Let me preface this with, let's please not argue about for or against the bill.

It's here and now we all get to deal with it.

Search google for "Major rail expansion on track with stimulus plan"

I can't post links, so this is the way you get it.


----------



## loki_racer (Feb 17, 2009)

I'm no railroad construction expert, but it's my understanding (having traveled on numerous high speed trains in European countries) that high speed trains require different types of rails (materials, routes must be straighter, etc.)

This would indicate to me that much more railroad will be laid in the US in the upcoming years.


----------



## stove (Feb 17, 2009)

I'm with wider...WTF? How can you ask people not to discuss something in a discussion forum?


----------



## loki_racer (Feb 18, 2009)

I wasn't saying we couldn't discuss the article, I was saying I'd rather this thread stay clear of arguing about the merits or diismerits of the stimulus plan.

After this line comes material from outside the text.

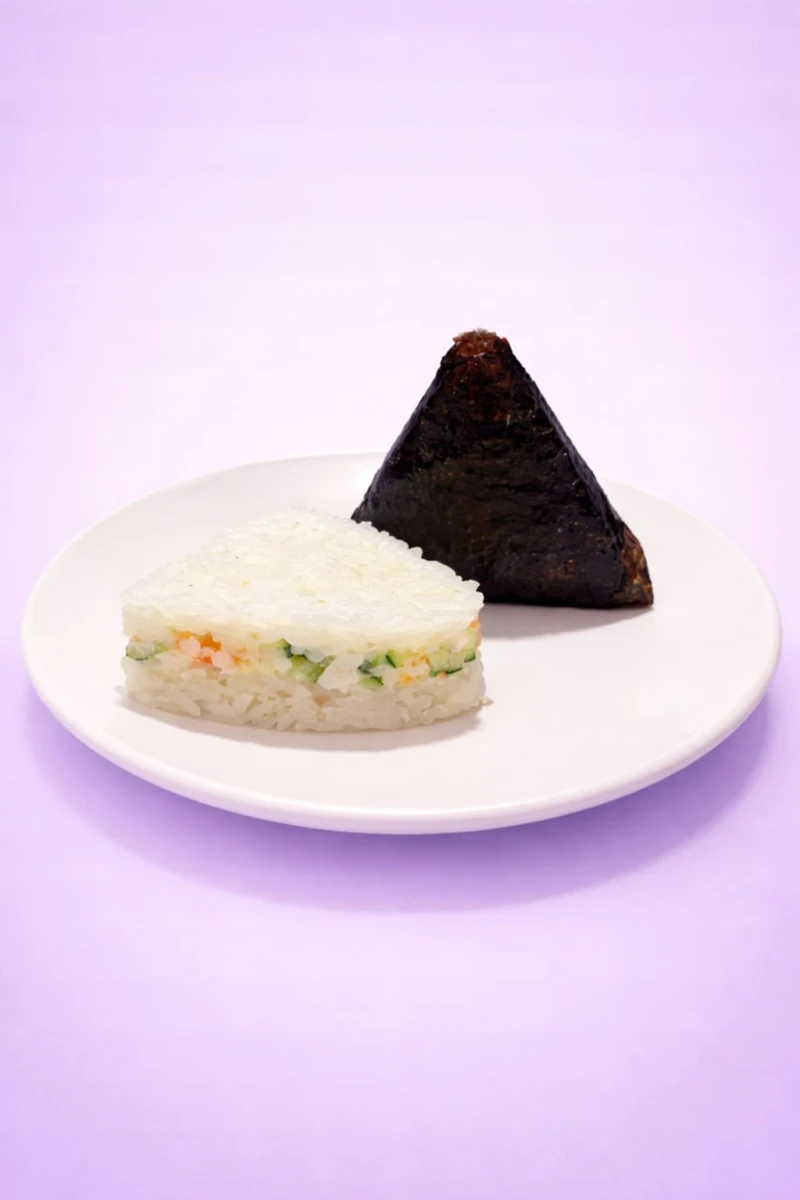 Онигири с нежными креветками, дополненные освежающей нотой огурца.

I misread wider's comments and thought he was questioning why I would post this article here. I understand now that wider was asking why I thought we shouldn't argue about the overall bill.


----------



## loki_racer (Feb 18, 2009)

I apologize if I came off wrong. I wasn't trying to be a jerk.

Just wanted to see what people had to say about this story.


----------



## Ravie (Feb 18, 2009)

ugh. i find fast quiet trains a large hazard to not only people but animals. i dont like it.


----------



## Angela (Feb 18, 2009)

Widerstand said:


> \
> 
> If there is any mass rail project taking place I don't think it should be high speed rail at all. This country (mostly the west) needs is more light rail transit for large city's, and more intercity commuter rail to get those people off the highways and freeways that drive 15+ miles a day to get to work.
> 
> Or hell maybe they could take that money FINALLY fix Amtrak and make it a profitable business model and not put people in charge of it that have zero railroad experience.



Well said. This country definitely needs to invest alot more in public rail transit to get people off the highways and improve both environmental quality and quality of life. The west coast is definitely lagging far behind in this.


----------